# Storage Cornbread!



## OldCootHillbilly (Jul 9, 2010)

Took some a our stored corn taday an ground it inta meal then made a pan a cornbread!

Here be our setup:









An the corn meal we made:









An the finished product:









We dry sweetcorn, so this made a nice sweet cornbread! I posted the recipe over on our blogsite.


----------



## BizzyB (Dec 10, 2010)

Yum!! I'll be right over...


(j/k)


----------



## OldCootHillbilly (Jul 9, 2010)

Sorry, to late we done ate the whole thing! A little butter an honey an that pan was clean enough ta hang back up!


----------



## nj_m715 (Oct 31, 2008)

Spill the beans, share the recipe!


----------



## OldCootHillbilly (Jul 9, 2010)

So simple ya won't beleive it:

Storage Cornbread

1 C cornmeal
1 C flour
2 tsp bakin powder
3/4 tsp salt
1 C milk
1/4 C oil

Mix dry stuffs tagether an add in milk an oil, mix well, then put in a greased pan an bake at 350° fer bout 30 minutes just till the center is nice an firm. This can also be done in a dutch oven.

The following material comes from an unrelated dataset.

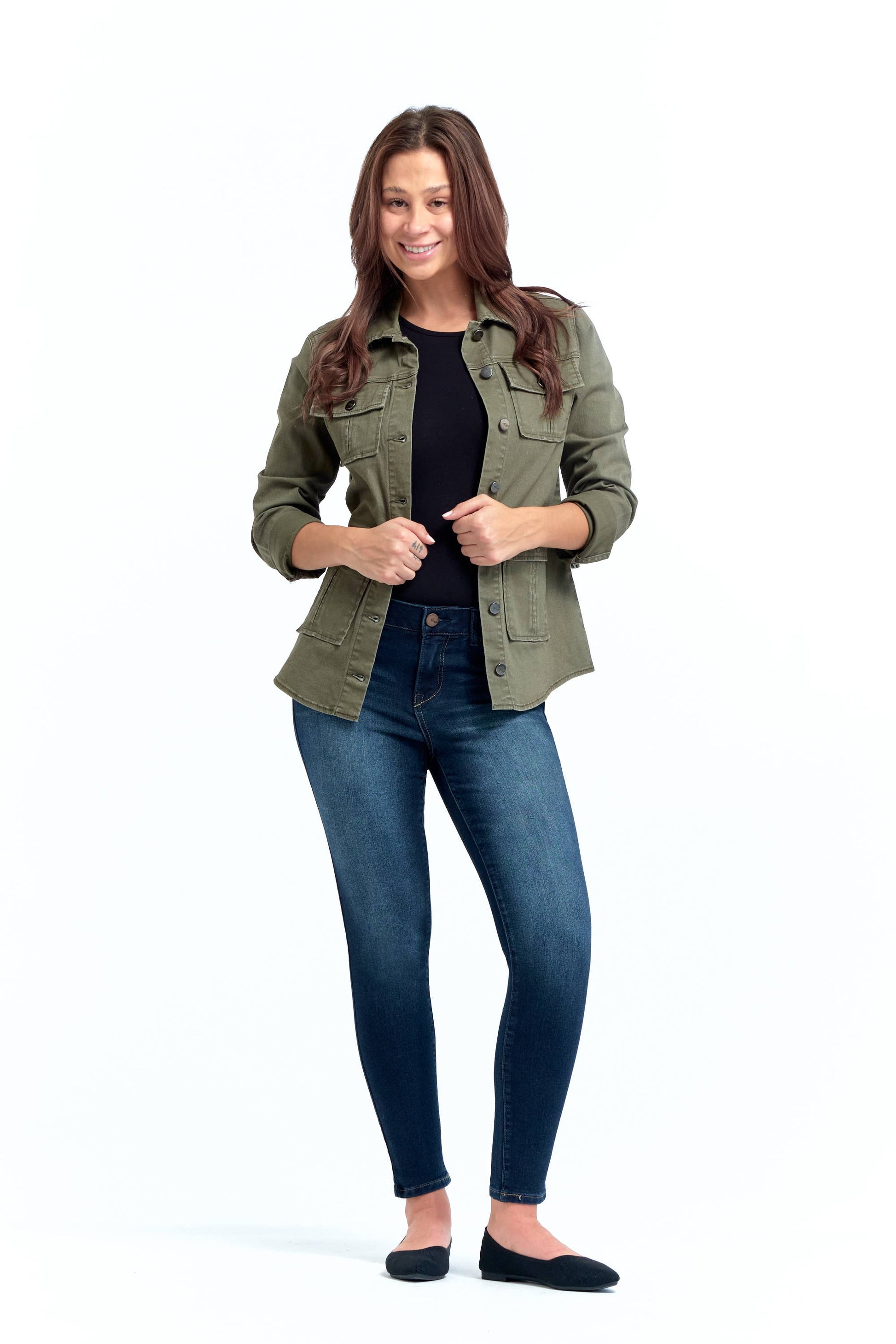 Step up your style game with our stretchy denim utility jacket that seamlessly blends fashion and function. This military-inspired piece is a versatile wardrobe staple that effortlessly transcends seasons, ensuring you stay on-trend all year round. Featuring cargo pockets and a fitted design that sits low at the waist, this jacket exudes a cool, contemporary vibe. Whether you're running errands or heading out for a casual outing, this denim utility jacket is the perfect choice to elevate your look. Embrace the best of both worlds with this must-have addition to your wardrobe!

All this stuff should be in yer storage foods. I dry sweetcorn cause it be so versatile, rehydrate fer eatin corn, grind fer meal an such. Dry milk reconstatuted works well to.


----------



## nj_m715 (Oct 31, 2008)

Sounds good, I'll try when we finish off the biscuits we made this weekend. We do them just about the same way with small cast iron pans in the toaster oven. We already have the corn meal because we ground up some corn for grits a few weeks ago. Thanks


----------



## goshengirl (Dec 18, 2010)

LOVE cornbread! Thanks Coot!


----------



## Emerald (Jun 14, 2010)

You grain mill looks just like mine!
One question tho-is that just dried sweet corn that was picked like when you would eat it sweet(aka the native Americans would call it green corn) or was it sweet corn that you let go to seed and then picked like a good dent or flour corn?


----------



## JayJay (Nov 23, 2010)

I make buttermilk cornbread--got my powder buttermilk today...now, to solve the bacon grease problem...hmmmmm


----------



## OldCootHillbilly (Jul 9, 2010)

Emerald said:


> You grain mill looks just like mine!
> One question tho-is that just dried sweet corn that was picked like when you would eat it sweet(aka the native Americans would call it green corn) or was it sweet corn that you let go to seed and then picked like a good dent or flour corn?


Actually the vast majority a what I dry is canned, I got a place I get a swingin deal on it. Works out real well.


----------



## Emerald (Jun 14, 2010)

OldCootHillbilly said:


> Actually the vast majority a what I dry is canned, I got a place I get a swingin deal on it. Works out real well.


Can you imagine how yummy fresh picked and dried sweet corn would be! I am so gonna have to buy extra from the guy down the road this summer! He does such a good job I don't bother any longer. But I wonder how good sweet corn that is left to go to seed and dried and ground would taste? I see a possible test run in my future!


----------



## BizzyB (Dec 10, 2010)

Always on my shelf: John Cope's Dried Sweet Corn.


----------



## GoldenBoys (Oct 8, 2010)

A guy I knew years ago used to let the sweet corn dent in the patch, then pick it and let it hang from the cloths line to dry. He would then shell it and fry it in butter, making partched corn. That stuff was worse than pop corn, once you started you couldn't quit!


----------



## afreeradical (Mar 10, 2011)

Man that pan of cornbread looks good! You just flung a craving on me!


----------



## OldCootHillbilly (Jul 9, 2010)

Mighty tastey with a dab a butter an some honey!


----------



## Idaholady (Apr 24, 2010)

There are many types of corn; which one would I grow so that I could grind to make cornbread like yours? I love cornbread!


----------



## OldCootHillbilly (Jul 9, 2010)

Same corn ya use fer cannin, a sweet corn. It be easy ta dry an can be used fer so many things, be one a the main items in our inventory.


----------



## afreeradical (Mar 10, 2011)

OldCootHillbilly said:


> Mighty tastey with a dab a butter an some honey!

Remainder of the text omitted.